Intel® Fortran Compiler
Build applications that can scale for the future with optimized code designed for Intel® Xeon® and compatible processors.

local type(c_ptr) in a multithreaded code

Alfredo
Beginner
569 Views

Hello,

I'm having a few issues with a type(c_ptr) variable declared inside a routine which is called by multiple threads at the same time. I managed to reproduce the problem in a small code with OpenMP (the actual code is multithreaded with pthreads instead). Take these two files:

main.f90

program main

  !$omp parallel do
  do i=1, 4
     call sub
  end do
  !$omp end parallel do

  stop
end program main

and sub.f90

subroutine sub
  use iso_c_binding
  use omp_lib
  
  type(c_ptr), target :: a
  integer, target :: b

  write(*,*)omp_get_thread_num(),c_loc(a),c_loc(b)

  return
end subroutine sub

If I compile like this

ifort -c sub.f90; ifort -openmp sub.o main.f90

and execute the program with 4 threads I get this result

           2               7014976       139788471495016
           1               7014976       139788475693416
           3               7014976       139788467296616
           0               7014976       140734651561704

which shows that the address of the b variable is different for all threads (like it should be) but the address of a is, instead, the same. As far as I understand the OpenMP specifications, this behavior is not correct, am I right?

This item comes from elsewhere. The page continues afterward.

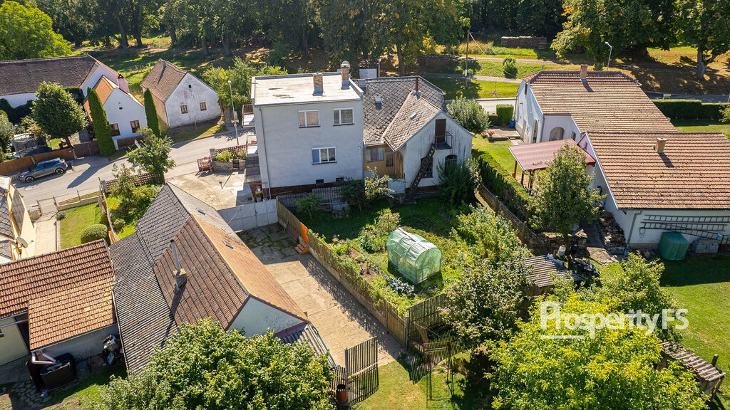 Najdete zde šest samostatných pokojů, prostornou kuchyň a také praktické zázemí v podobě dílny a dalších prostor. K domu patří hospodářské stavení se sklepem a na zahradě stojí samostatná podsklepená chata – celkem tedy dva sklepy.

If I compile the sub.f90 file with the -openmp flag, then the code works as expected.

Everything works ok with gfortran (with and without the -fopenmp flag for compiling sub.f90).

Am I missing something?

Thanks,

alfredo

 

 

 

 

 

 

 

 

 

0 Kudos
1 Solution
Ron_Green
Moderator
569 Views

This has very little to do with the OpenMP standard.  Rather, this is an issue on whether AUTOMATIC or SAVE is set for local variables.  You can read the documentation on:

-auto  and -auto-scalar

-recursive

-save

auto-scalar applies to intrinsic types INTEGER, REAL, COMPLEX, and LOGICAL ( hence B in your sample, but NOT A since it's not an intrinsic type).  To set AUTO for non-intrinsic types such as A, you need to use -auto, -recursive, or -openmp all of which set -auto.

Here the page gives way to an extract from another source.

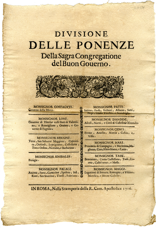 Divisione delle ponenze della Congregazione del Buon Governo (1706)

What other compilers do wrt auto vs save for non-intrinsic types is irrelevant.  Ours requires one of the 3 options listed above.

Personally, I don't like to rely on compiler options.  I'd have used the RECURSIVE keyword on the subroutine declaration thusly:

recursive subroutine sub

ron

View solution in original post

0 Kudos
4 Replies
Ron_Green
Moderator
570 Views

This has very little to do with the OpenMP standard.  Rather, this is an issue on whether AUTOMATIC or SAVE is set for local variables.  You can read the documentation on:

-auto  and -auto-scalar

-recursive

-save

auto-scalar applies to intrinsic types INTEGER, REAL, COMPLEX, and LOGICAL ( hence B in your sample, but NOT A since it's not an intrinsic type).  To set AUTO for non-intrinsic types such as A, you need to use -auto, -recursive, or -openmp all of which set -auto.

What other compilers do wrt auto vs save for non-intrinsic types is irrelevant.  Ours requires one of the 3 options listed above.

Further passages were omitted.